(Beginning of Task input)
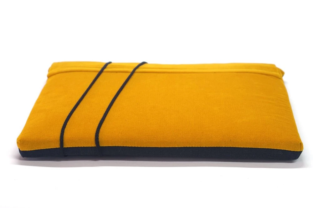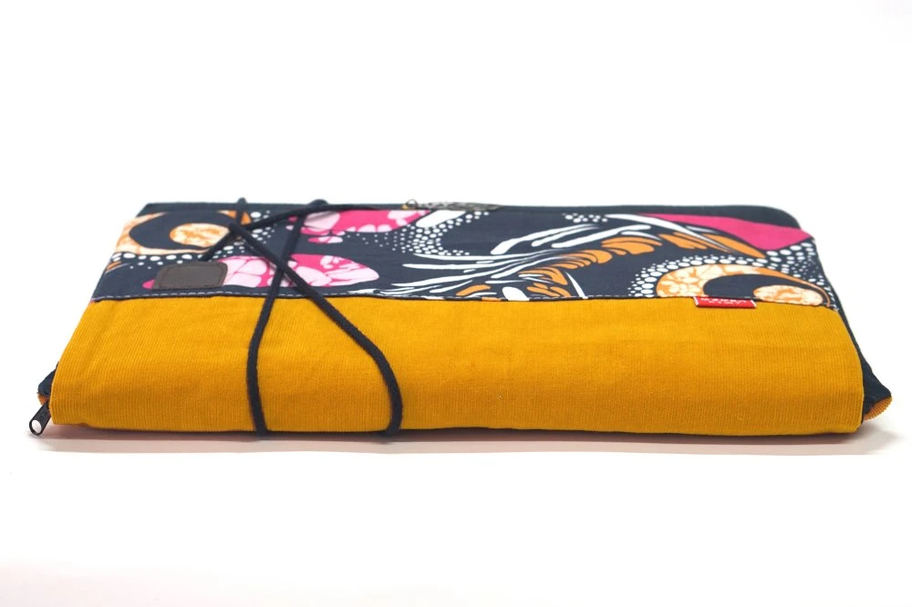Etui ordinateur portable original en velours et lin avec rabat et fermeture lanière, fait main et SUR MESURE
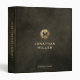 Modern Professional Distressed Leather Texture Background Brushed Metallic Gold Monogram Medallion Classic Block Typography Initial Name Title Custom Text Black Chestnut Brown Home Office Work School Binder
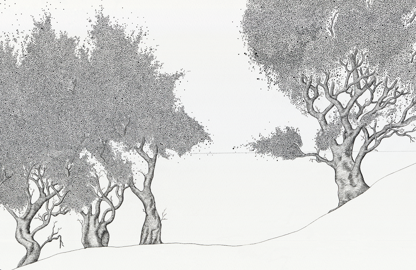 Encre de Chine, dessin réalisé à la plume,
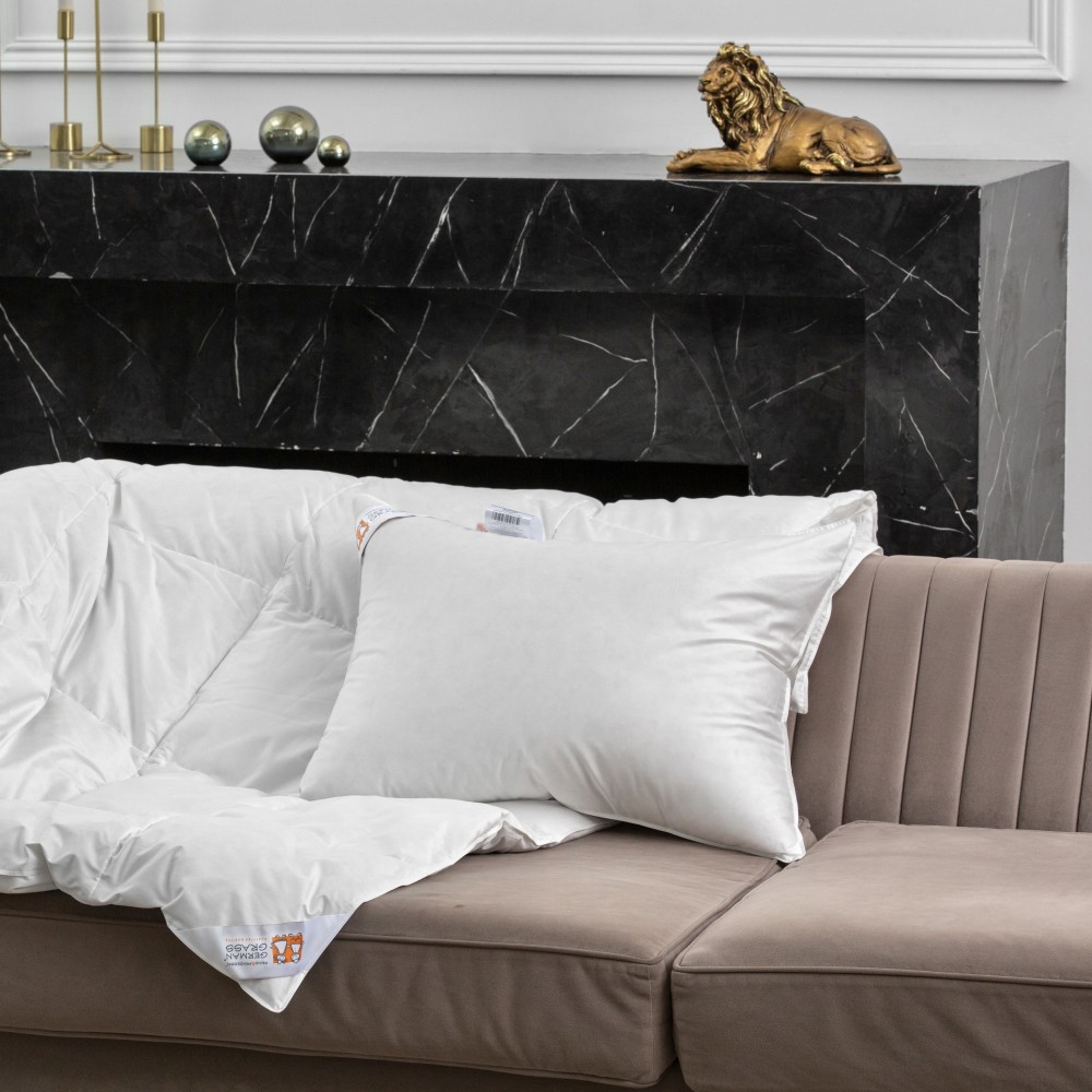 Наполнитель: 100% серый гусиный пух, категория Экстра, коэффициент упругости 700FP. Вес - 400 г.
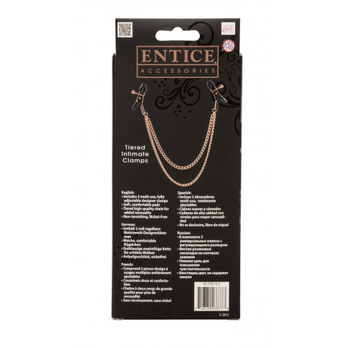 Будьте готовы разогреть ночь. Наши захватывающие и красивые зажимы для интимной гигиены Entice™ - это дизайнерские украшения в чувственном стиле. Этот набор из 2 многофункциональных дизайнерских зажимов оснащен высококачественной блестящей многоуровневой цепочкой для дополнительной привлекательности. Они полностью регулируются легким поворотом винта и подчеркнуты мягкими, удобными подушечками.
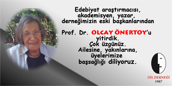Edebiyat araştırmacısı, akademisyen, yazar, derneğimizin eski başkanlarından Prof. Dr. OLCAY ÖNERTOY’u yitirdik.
(End of Task input)
[Work to complete] Nothing but the exact text of the records should appear in your answer, with no pictures. Please write it out.

[Solved exercise]
Etui ordinateur portable original en velours et lin avec rabat et fermeture lanière, fait main et SUR MESURE
 Modern Professional Distressed Leather Texture Background Brushed Metallic Gold Monogram Medallion Classic Block Typography Initial Name Title Custom Text Black Chestnut Brown Home Office Work School Binder
 Encre de Chine, dessin réalisé à la plume,
 Наполнитель: 100% серый гусиный пух, категория Экстра, коэффициент упругости 700FP. Вес - 400 г.
 Будьте готовы разогреть ночь. Наши захватывающие и красивые зажимы для интимной гигиены Entice™ - это дизайнерские украшения в чувственном стиле. Этот набор из 2 многофункциональных дизайнерских зажимов оснащен высококачественной блестящей многоуровневой цепочкой для дополнительной привлекательности. Они полностью регулируются легким поворотом винта и подчеркнуты мягкими, удобными подушечками.
Edebiyat araştırmacısı, akademisyen, yazar, derneğimizin eski başkanlarından Prof. Dr. OLCAY ÖNERTOY’u yitirdik.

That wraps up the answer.